* _Task instructions_
Transcribe all of the data exactly. Images stay out.

* _The data_
========

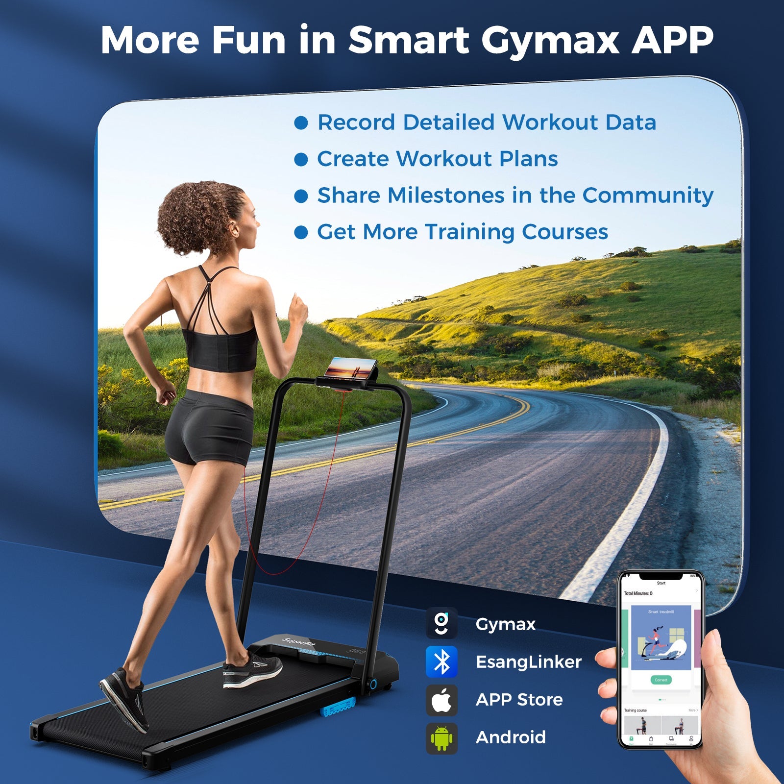 - Connect with Gymax APP: Sync this running machine with the Gymax APP via Bluetooth (EsangLinker) to record detailed workout data, create personalized workout plans, share your milestones with the community and access a wealth of training courses to keep you motivated and on track.
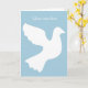 White dove greeting card with custom message. Add your own inspirational text on the front and inside. Customizable background color. ie light blue. Peaceful pigeon / dove bird silhouette design with stylish typography. Sympathy theme, death, condolences, in loving memory of, religious, care and concern, peace, blessings, faith etc.
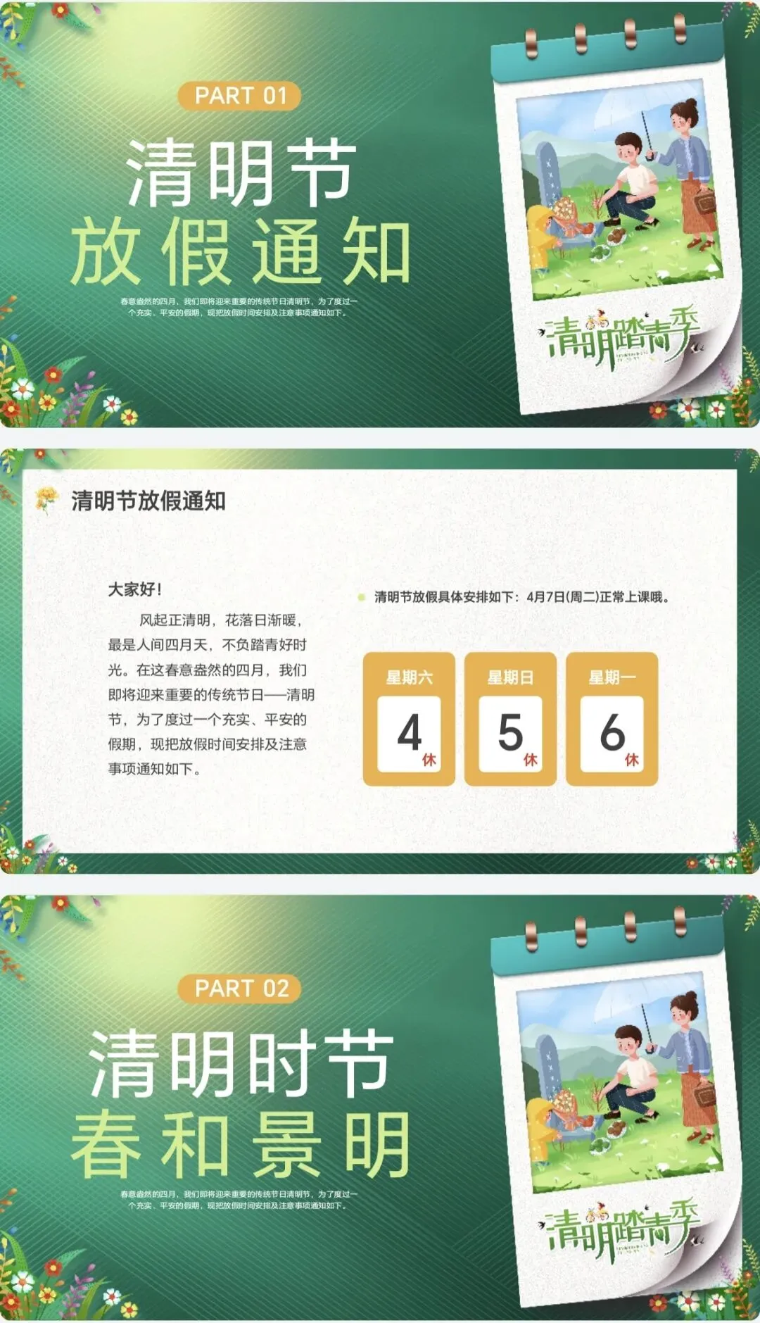不是干巴巴说“清明节放假”,而是加了踏青、祭祖、插柳、吃青团这几个传统习俗,班会课上可以顺便给孩子讲讲节日的来由,家长看到也觉得学校用心。
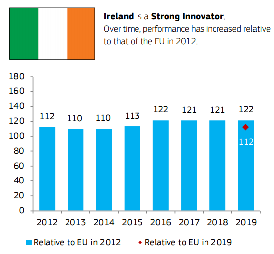 在新公布的《2020歐洲創新記分牌》中,愛爾蘭獲得高達122的分數,遠高于歐盟平均水平112分,再度榮獲“歐洲強大創新者”稱號。報告指出,愛爾蘭當前更為核心、重要的創新優勢集中體現在就業影響力、人力資源和充滿吸引力的科研體系。

========

* _Solution to this task_
 - Connect with Gymax APP: Sync this running machine with the Gymax APP via Bluetooth (EsangLinker) to record detailed workout data, create personalized workout plans, share your milestones with the community and access a wealth of training courses to keep you motivated and on track.
 White dove greeting card with custom message. Add your own inspirational text on the front and inside. Customizable background color. ie light blue. Peaceful pigeon / dove bird silhouette design with stylish typography. Sympathy theme, death, condolences, in loving memory of, religious, care and concern, peace, blessings, faith etc.
不是干巴巴说“清明节放假”,而是加了踏青、祭祖、插柳、吃青团这几个传统习俗,班会课上可以顺便给孩子讲讲节日的来由,家长看到也觉得学校用心。
 在新公布的《2020歐洲創新記分牌》中,愛爾蘭獲得高達122的分數,遠高于歐盟平均水平112分,再度榮獲“歐洲強大創新者”稱號。報告指出,愛爾蘭當前更為核心、重要的創新優勢集中體現在就業影響力、人力資源和充滿吸引力的科研體系。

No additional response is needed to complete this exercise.